By packing your meals also, you will also only eat as much as you want to through packing only the required food portions. David L. Bach, the author of the Finish Rich Book Series, calls this habit the “latte factor,” whereby money is saved through the elimination of small purchases that often add up.
They pay themselves first
Paying yourself first does not imply buying yourself a pair of Jimmy Choos but saving. Yes, not as, but it is vital to have an automatic contribution made to your employer's retirement plan as an example. Ensure that from your very first job, you have maxed out all your yearly retirement money contributions. The fact is as you advance in life, expenses towards, the family are going to increase, so you have to start saving as early as possible. Be a savvy investor too. Using websites like Acorns, you invest a little of your savings for higher returns than you would achieve with a savings account.
They take free money
If perhaps what you make is not much and you, therefore, cannot max out your retirement plan contribution, invest enough then to receive your employer's match. Ask your company's administration if they have that opportunity available and contribute the required amount to enjoy it.

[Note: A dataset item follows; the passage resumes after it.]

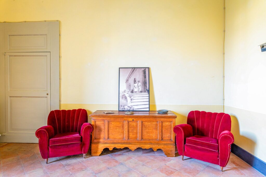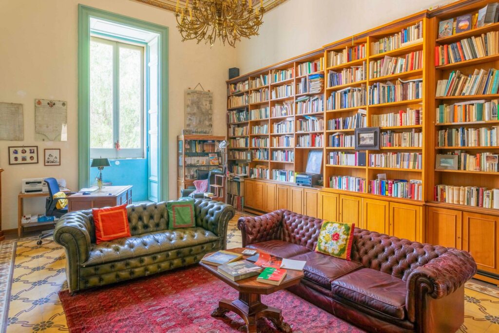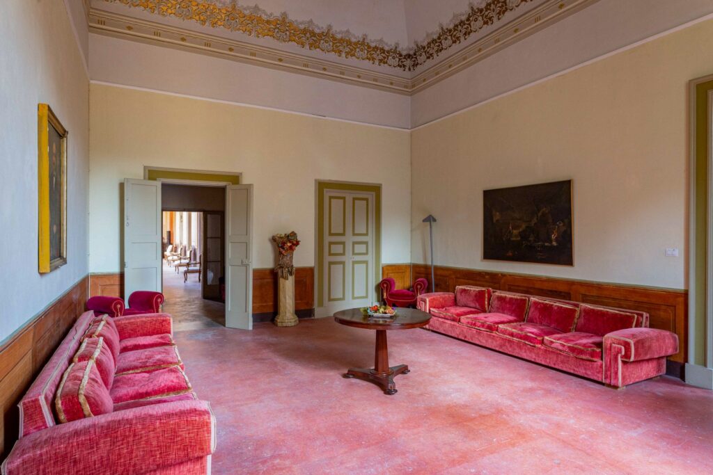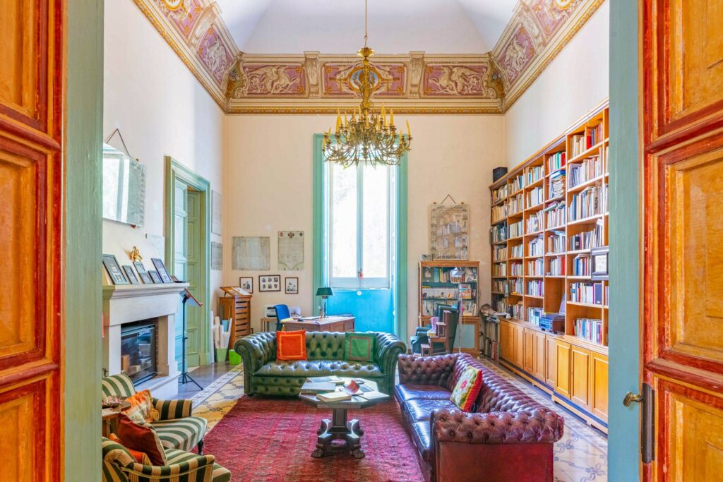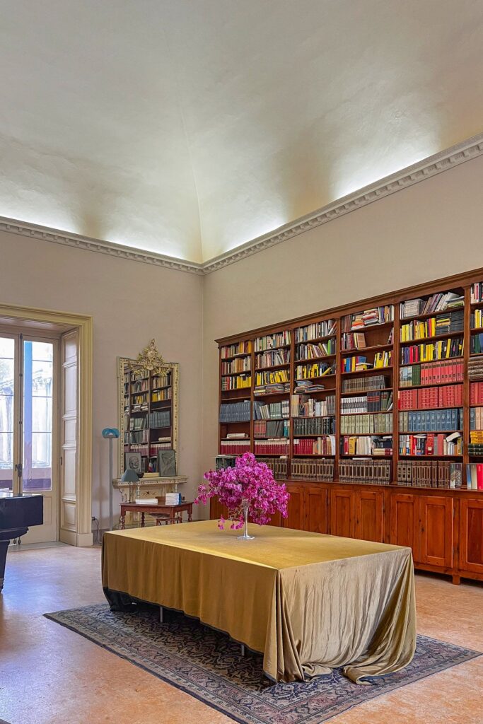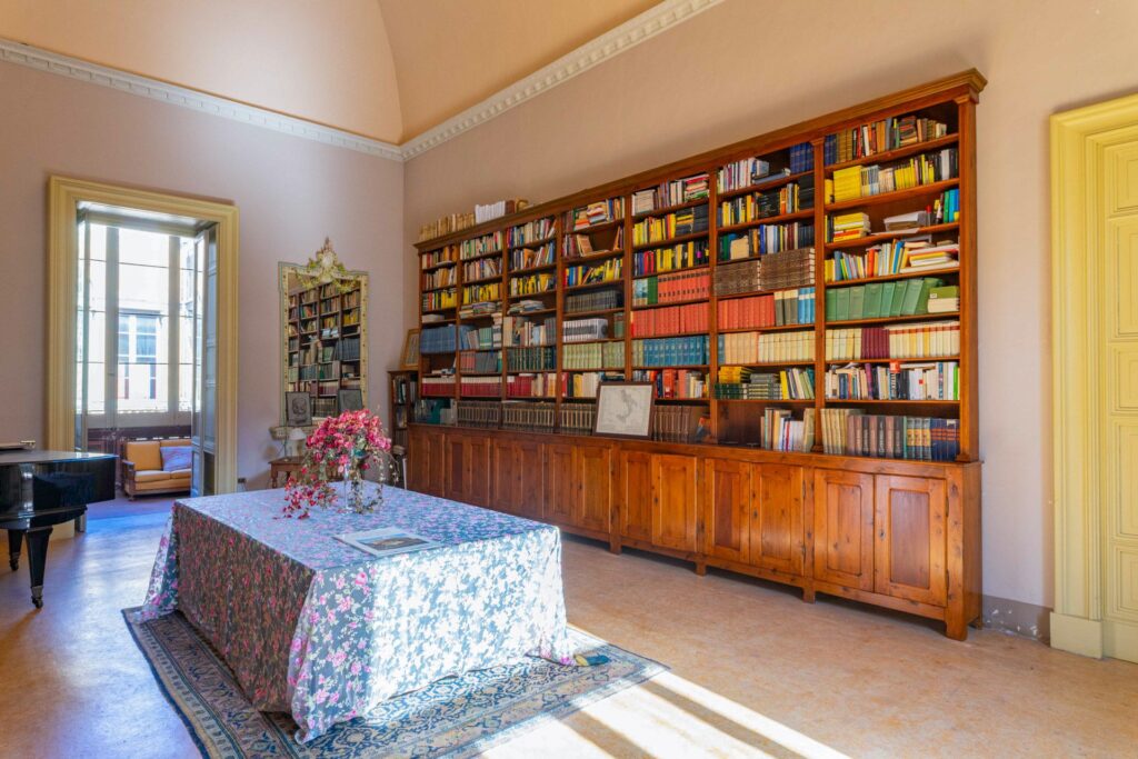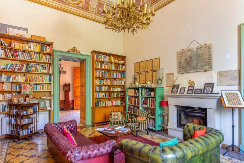 All’interno, ampi ambienti con soffitti affrescati, librerie d’epoca, camini decorativi e arredi storici offrono scenografie ricche di personalità. Ogni sala conserva un’identità visiva precisa, perfetta per allestimenti su misura o come fondale naturale per produzioni dal forte impatto visivo.

They save for when life happens
In the U.K., only about two-thirds of adults in the 35 to 44–age bracket have £100 stashed away for a rainy day. Without at least three to six months worth of living expense saved up, you are likely to be crippled financially, when the unexpected happens.
With ample savings, however, you can take the time out to deal with problems without turning your households’ finances upside down. It is not possible to save overnight, but with discipline and automatic contributions, it can be done with time
By teaching in yourself budget savvy habits, you will also avoid lifestyle creep that can ruin your financial wellbeing as your financial situation improves. Such practices will ensure that you do not begin to spend more on frivolities and keep you on the straight and narrow, financially.